La rabbia è ritenuta un sentimento negativo che obnubila la mente e aumenta la pressione arteriosa ma in realtà, se utilizzata nel modo giusto, diventa un motore per raggiungere gli obiettivi.
Secondo i ricercatori di un università olandese infatti, la rabbia attiverebbe alcune aree dell’emisfero sinistro del cervello che in genere sono associate alle emozioni positive.
Le persone diventano quindi motivate a fare qualcosa di concreto per raggiungere l’obiettivo che risulta essere gratificante per loro.
Così è stato condotto un esperimento, sono stati raggruppati alcuni volontari alla visione di alcuni oggetti comuni su un monitor, come ad esempio una penna o un piatto, prima però che comparisse l’oggetto in quesione, sul monitor compariva per un brevissimo lasso di tempo la foto di un viso con un’espressione neutrale, oppure arrabbiato o con esperssione di dolore e i volontari associavano inconsciamente all’oggetto che si palesava sullo schermo poco dopo.
Successivamente, ai volontari è stato chiesto di stringere una manopola nel momento in cui desideravano un oggetto, chi la stringeva più forte lo otteneva, accaparrandosi il premio.

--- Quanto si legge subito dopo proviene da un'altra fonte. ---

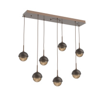 Cabochon 7pc Linear Multi-Pendant-Burnished Bronze-Clear Glass with Black Marble-Cloth Braided Cord
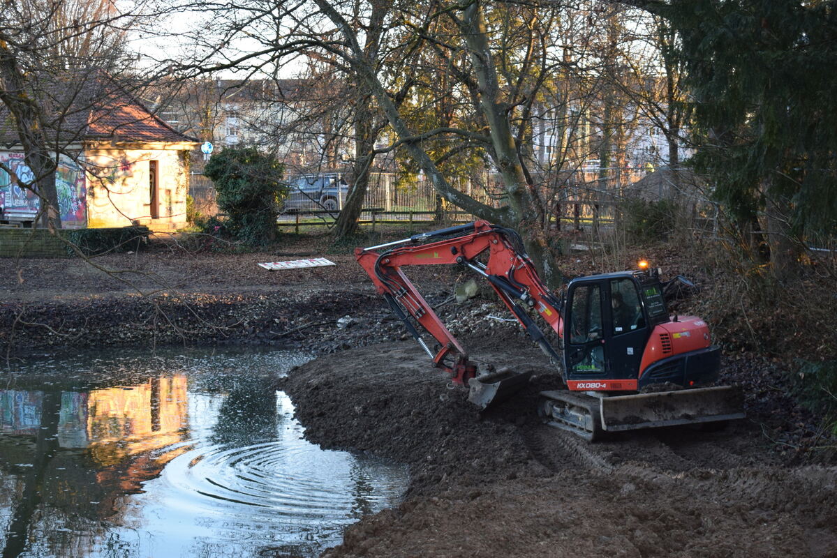 Seit vergangener Woche wird das Wasser erneut abgelassen. Aus Artenschutzgründen können Arbeiten am und im See nur in den Wintermonaten stattfinden. Sobald der See leer ist, erhalten die Flachwasserzonen in den Randbereichen ihre endgültige Form. Der See wird nicht kleiner, lediglich die Form der Ufer wird überarbeitet. Außerdem werden die Fundamente für die Seeterrasse gelegt. Am Ostufer werden Stufen eingebaut, die die spätere Unterhaltung des Sees ermöglichen. Bei allen Maßnahmen ist der Tübinger Fischereiverein als Betreiber des Sees als Aufzuchtgewässer eng eingebunden.
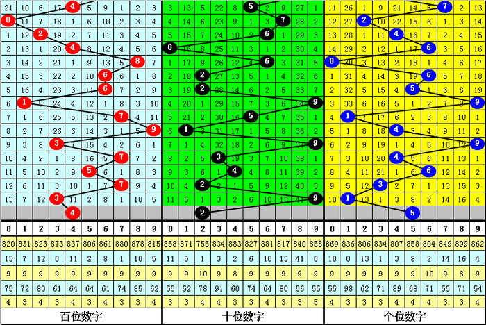 跨度分析:在第268期同期历史奖号中,号码跨度大小比为14:9,012路比为6:9:8,奇偶比为11:12,跨度开出频次分别为:跨度4、7、8出现4次,跨度3、5、6出现3次,跨度1、2出现1次,跨度0、9出现0次,本期关注小跨度出现,一码跨度参考3。
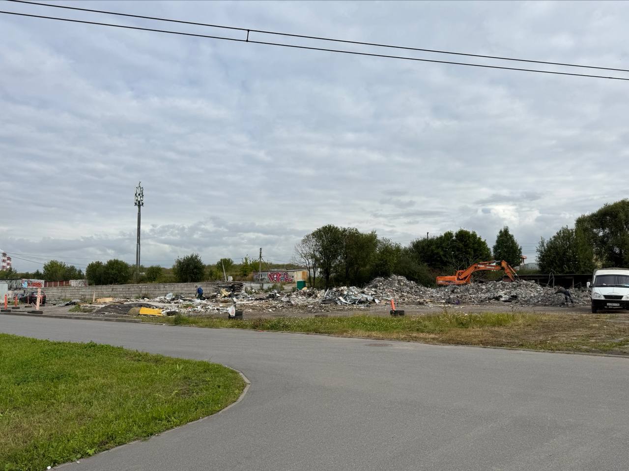 Вчера 18.08.2025г. Завезли экскаватор и приступили к сносу ангаров автосервиса (ранее после того как автосервисы сьехали они стояли заброшенные)
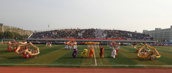 开幕式表演环节,太阳成集团tyc龙狮团带来了舞龙舞狮表演,但见傲龙掣风,上下穿杨;升龙腾云,翻身振翼;九龙齐舞,变幻莫测。他们用造型“中国65”,向祖国65周年华诞致敬;用造型莲花,祝愿公司运动会圆满成功。来自公司24个基层工会的580名教职工带来了第九套广播操表演,他们规范、整齐划一的表演,凸显了老师们“阳光-青春-跳跃,健康-和谐-快乐”的精神风貌。344名女同学带来了快乐健身操表演,她们手捧红白相间的花球,踏着韵律,欢快起舞。她们激情的节奏、矫健的舞姿,不仅阐释着啦啦操的“以体健身,以美怡心,以操育德”,更展示了她们超越自我、放飞梦想的风采。
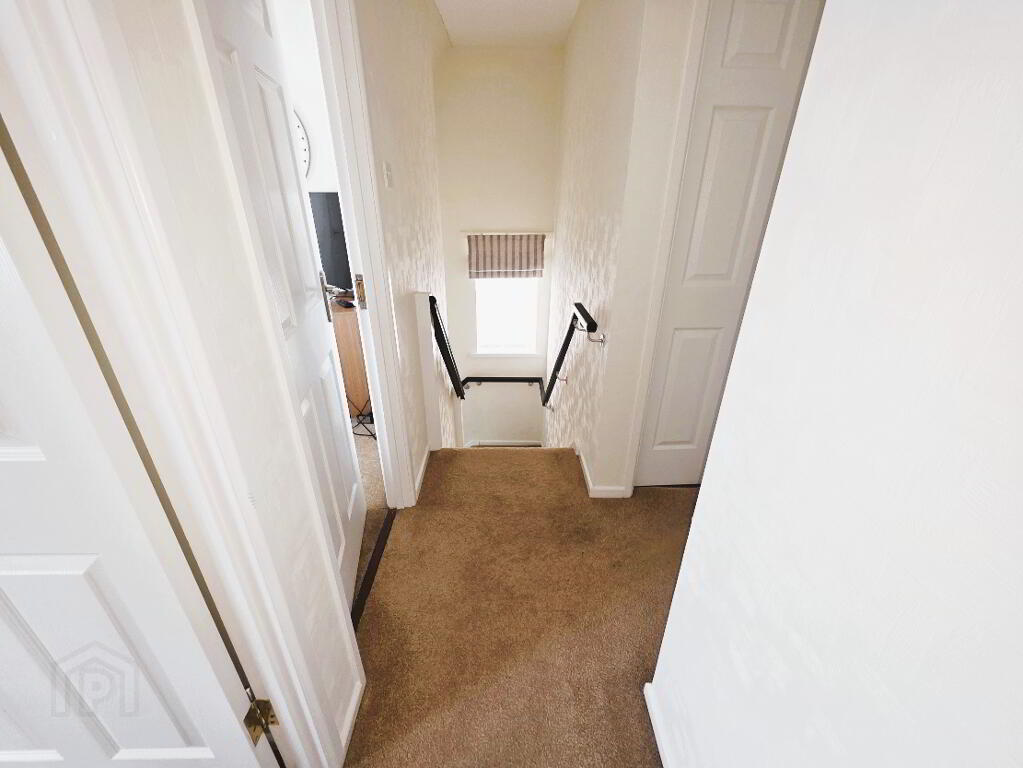 LANDING: Carpeted stairs and landing, 1 window with roman blind, roof space access, door to:
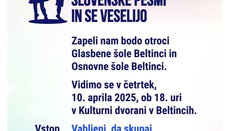 OTROCI POJEJO SLOVENSKE PESMI IN SE VESELIJO Četrtek, 10. april 2025 ob 18.00 KULTURNI DOM BELTINCI

Il risultato è stato che coloro i quali vedevano immagini di volti rabbiosi tendevano a stringere molto di più.
Questo è il risultato di un processo evolutivo che spiega appunto che in tempi lontani ed in situazioni di scarsità di cibo, la rabbia, che sfociava in aggressività avrebbero permesso agli individui dell’epoca di aggiudicarsi il poco cibo disponibile col risultato di riuscire a sopravvivere.
Questo spiega che la rabbia ha permesso un percorso evolutivo che ci ha portato fino ai giorni nostri, altrimenti saremmo tutti morti di fame e la specie non si sarebbe evoluta.
E’ importante quindi non reprimere la rabbia, soprattutto sul posto di lavoro, perchè, oltre a provocare danni cardiaci è il posto in cui di solito si tende a raggungere i risultati ed è importante quindi, soprattutto in situazioni di mobbing, ad esempio, non nascondere il proprio rancore ma esprimerlo, per non somatizzarlo fino ad arrivare a sintomi peggiori come l’ansia o la depressione.